Kaplan -- who holds the catchy title of "chief geopolitical analyst for Stratfor, a private global intelligence firm" -- goes on to worry that in Europe there is now "a resurgence of nationalism and extremism." He's not wrong, but is it remotely conceivable that the skinheads and neo-Nazis in Finland, Ukraine and Greece pose as serious a threat to freedom and human rights as do the jihadists of al-Qaida and Iran, or even the more gradualist Islamists of the Muslim Brotherhood?
Similarly, in Asia, Kaplan sees China, Japan and other nations "rediscovering nationalism," undermining the conventional wisdom that "we live in a post-national age." He adds: "The disputes in Asia are not about ideology or any uplifting moral philosophy; they are about who gets to control space on the map." True, but is the revival of such nationalistic sentiment really a crisis or even a major problem? Meanwhile, much more significantly, Islamists are offering an alternative to both the old nationalist and newer post-nationalist models.

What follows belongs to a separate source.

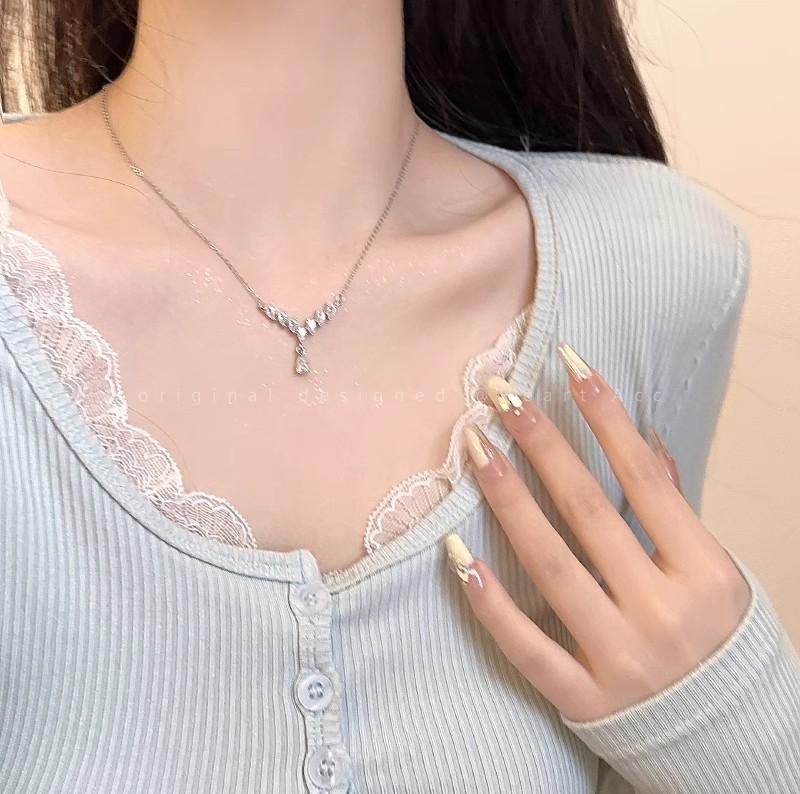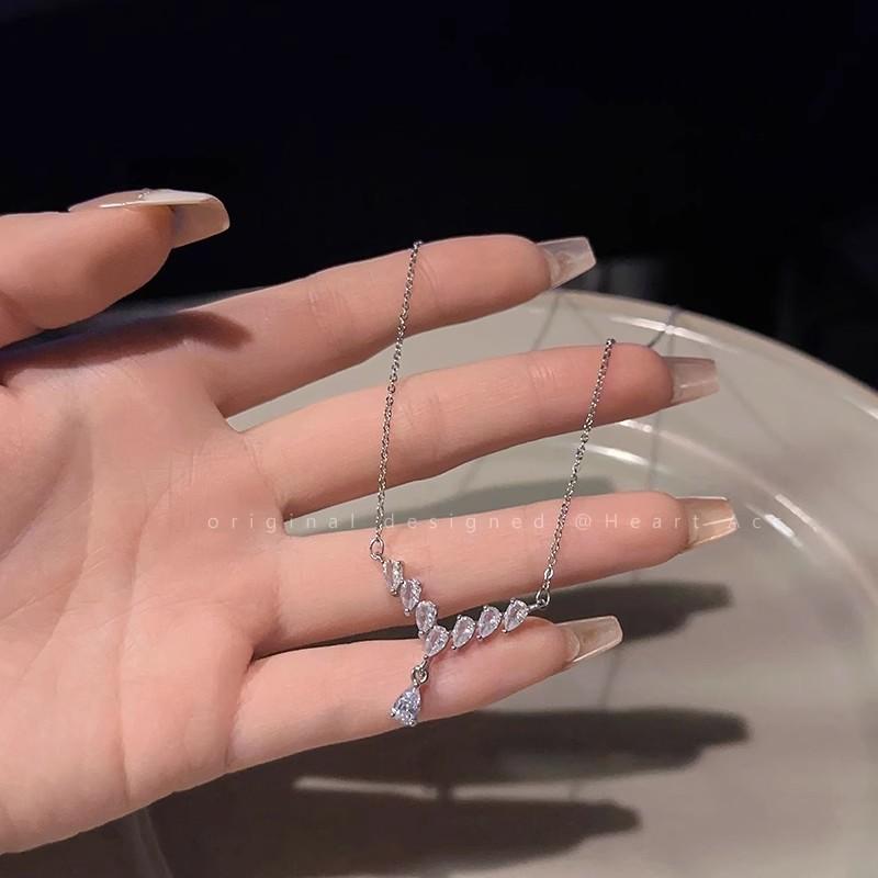 Collar de gota de agua en forma de V con circonita de alta calidad para mujer, diseño de nicho único, cadena de clavícula de acero de titanio, accesorios de personalidad populares

Islamists insist that one's primary identity is -- and must be -- based on religion, not nationality, not citizenship, not race, not class. More to the point, they demand that their religion be acknowledged as superior to all others. They are committed to making their religiously derived ideology the basis for revolutionary transformation not only in the so-called Muslim world but also in Africa, Asia, Europe, the United States -- anywhere there are Muslims who can be enlisted into the struggle. As Hassan al-Banna, founder of the Muslim Brotherhood famously put it: "It is the nature of Islam to dominate, not to be dominated, to impose its law on all nations and to extend its power to the entire planet."

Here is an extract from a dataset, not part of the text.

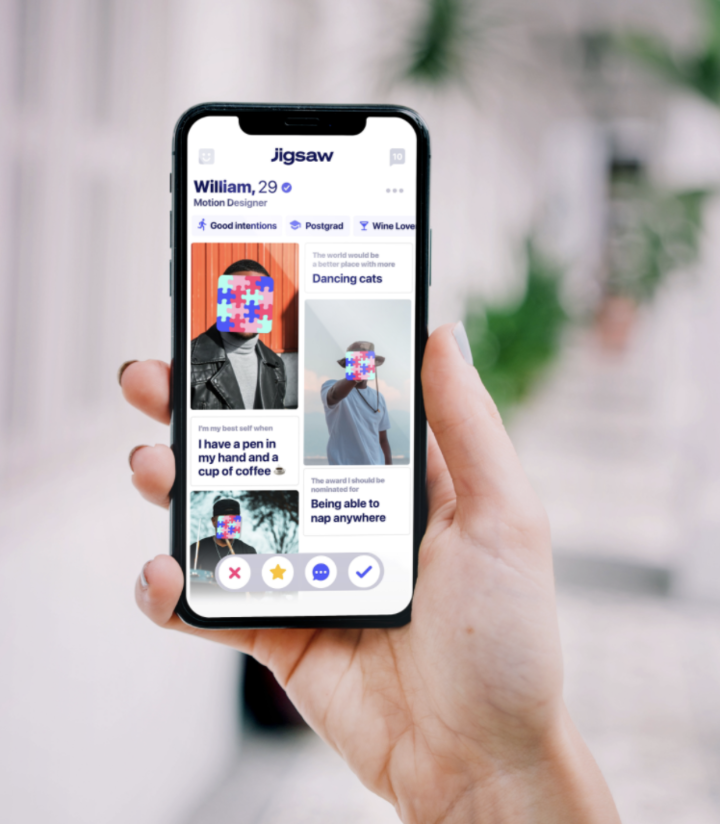 ▲ 一款叫 Jigsaw 的約會產品,所有用戶的臉都會先打上拼圖,隨著聊天再慢慢解鎖

They see the global map not as fractured into blood-based nations squabbling over "space" but divided into just two spheres: the Dar al-Islam, the realm where Muslims rule, and the Dar al-Harb, where infidels still hold power and must be fought and, in time, decisively defeated so that the Dar al-Islam can become universal.
That said, there may be conceptual utility in Kaplan's vision of a global "battle between two epic forces: Those of integration based on civil society and human rights, and those of exclusion based on race, blood and radicalized faith." Note that in this last phrase Kaplan has at least acknowledged that religion is shaping the international conflict now underway.
"To see what is in front of one's nose," George Orwell once wrote, "needs a constant struggle." By calling attention to a dangerous reality to which Western elites are closing their eyes, Kaplan has rendered a service. But there's more to it than he's acknowledged and less time than we might like to get it in focus.
(Clifford May is president of the Foundation for the Defense of Democracies, a policy institute focusing on terrorism.)